The Detroit area (including parts of Detroit proper) isn't a complete
wasteland. There are a lot of people in the area that want to have a little
fun in their life, like anywhere else in the world. There's nothing wrong with
that. If they pull it off, this would attract people from all over the region
(and I'm sure far beyond), which can only be a good thing for the economy.

FWIW, I don't think they'll pull this off, especially for $145,000, but I like
that someone's trying.

------
fredley
As a British person, I can't help but worry about how they're going to make a
200 acre expanse of Detroit safe enough to play this game. Making sure that
the structures are sound, that there isn't dangerous debris around etc. The
job of clearing up alone seems like a massive undertaking.

------
tatsuke95
Cute, but completely unrealistic. Is this a middle-school project?

It's a liability waiting to happen, and I have no idea how $145,000 in capital
will get them started; try at least two orders of magnitude more. Theme parks
aren't exactly killing it nowadays.

------
antidaily
_While we like the positive developments we’re seeing in Detroit’s downtown
and along the Woodward corridor, we lamented what happened to the
neighborhoods._

This would not be a positive. The Mower Gang and urban farmers -- that's a
positive. The RoboCop statue kickstarter was at least funny; this is just
dumb.

------
arctangent
Something similar to this already happens in the UK, except it takes place in
the middle of cities rather than in abandoned areas:

<http://2.8hourslater.com/>

------
antonioevans
Sounds like a legal liability ready to happen. Ambitious, but one step on a
rusty nail and lawsuits ensue. Though I like the creativity of solving the
inner city blight.

------
laaph
Meta: For a website discussing startups, this discussion seems quite
pessimistic to me. I am not aware of all the technical difficulties, I am not
certain it will be the most fun project in the world, but I wouldn't give it
the disparaging remarks I see here. I am certain they'll have difficulties
with the local government and who knows if it will be successful, but I am in
favor of people trying strange new things.

Even if it is a "completely unrealistic ... middle school project" or a
"poorly thought out idea", the worst that could happen is that the people
trying to put this together will learn a lot, and hopefully use that
experience to try something awesome later. Considering what they are trying to
put together, they clearly think this is awesome, and in that light I'd say
it's worth the risk of doing.

<further muttering about "armchair entrepreneurs" and such would go here, but
toned down to avoid rant-type material>

Disclaimer: I'm from near Detroit. Not sure how much that changes my opinion
on this, though.

------
mikezupan
To me 90% of the fun of living out a zombie apocalypse is taking a baseball
bat to the side of a zombie's head. I don't really want to run around and hide
all night.

------
rmason
This is a poorly thought out idea. If the city took two years (after initial
opposition) to agree to a tree farm I can not imagine they'd ever get support
for this idea.

[http://online.wsj.com/article/SB1000142405270230489870457747...](http://online.wsj.com/article/SB10001424052702304898704577479090390757800.html)

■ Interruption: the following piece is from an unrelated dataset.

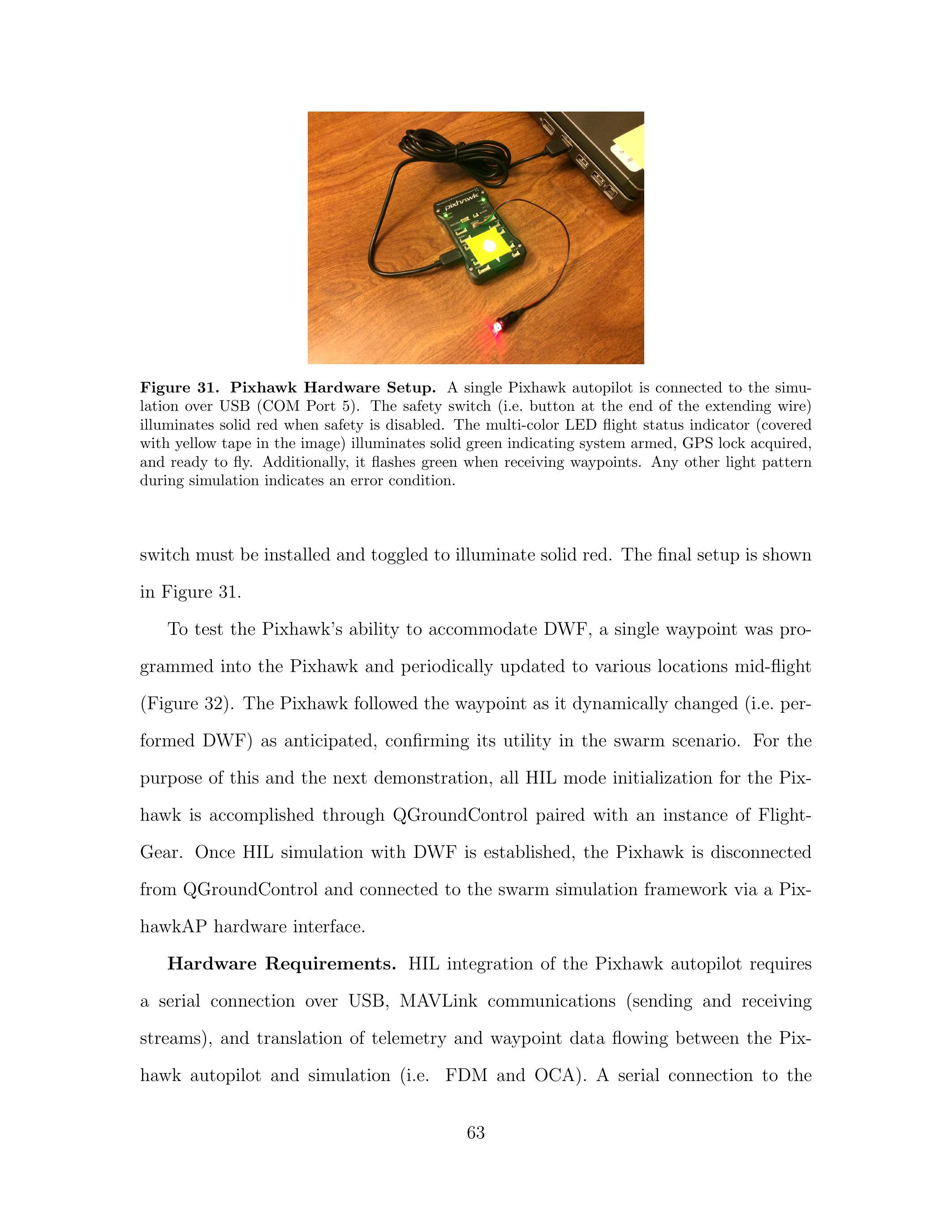 图37. HIL 仿真中的蜂群行为。红色高亮的蜂群无人机由 Pixhawk 自动驾驶仪驱动,其行为与第二次演示中由模拟自动驾驶仪驱动的蜂群无人机相似。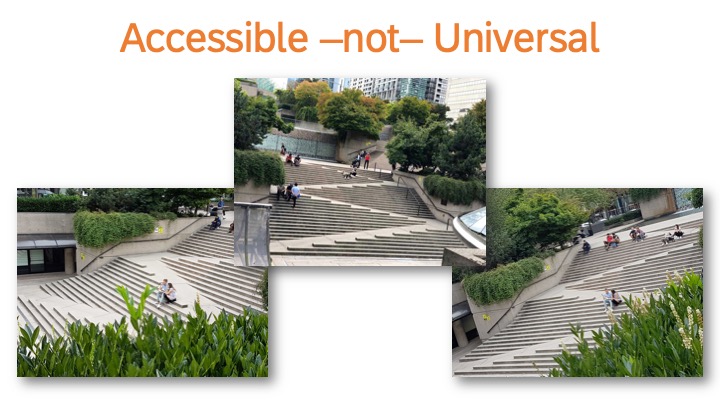 - This stairway is located in Vancouver, Canada. While it seems accessible, and it is true that it allows for people to move up the space without having to use the stairs, it isn't universal because those people who have to use a ramp are less inclined to use this one due to the way it is designed. This is touched on again later in the presentation.

What happens when someone running from 'zombies' gets injured inside one of
the buildings? Just making the structures safe for the game would run into
millions of dollars.

------
HeXetic
I can understand taking over an abandoned mall to make a "Zombie Theme Park"
like was done in the UK

<http://www.zedevents.co.uk/the-mall/>

but 200 acres is pretty big, and outdoors makes everything more complicated.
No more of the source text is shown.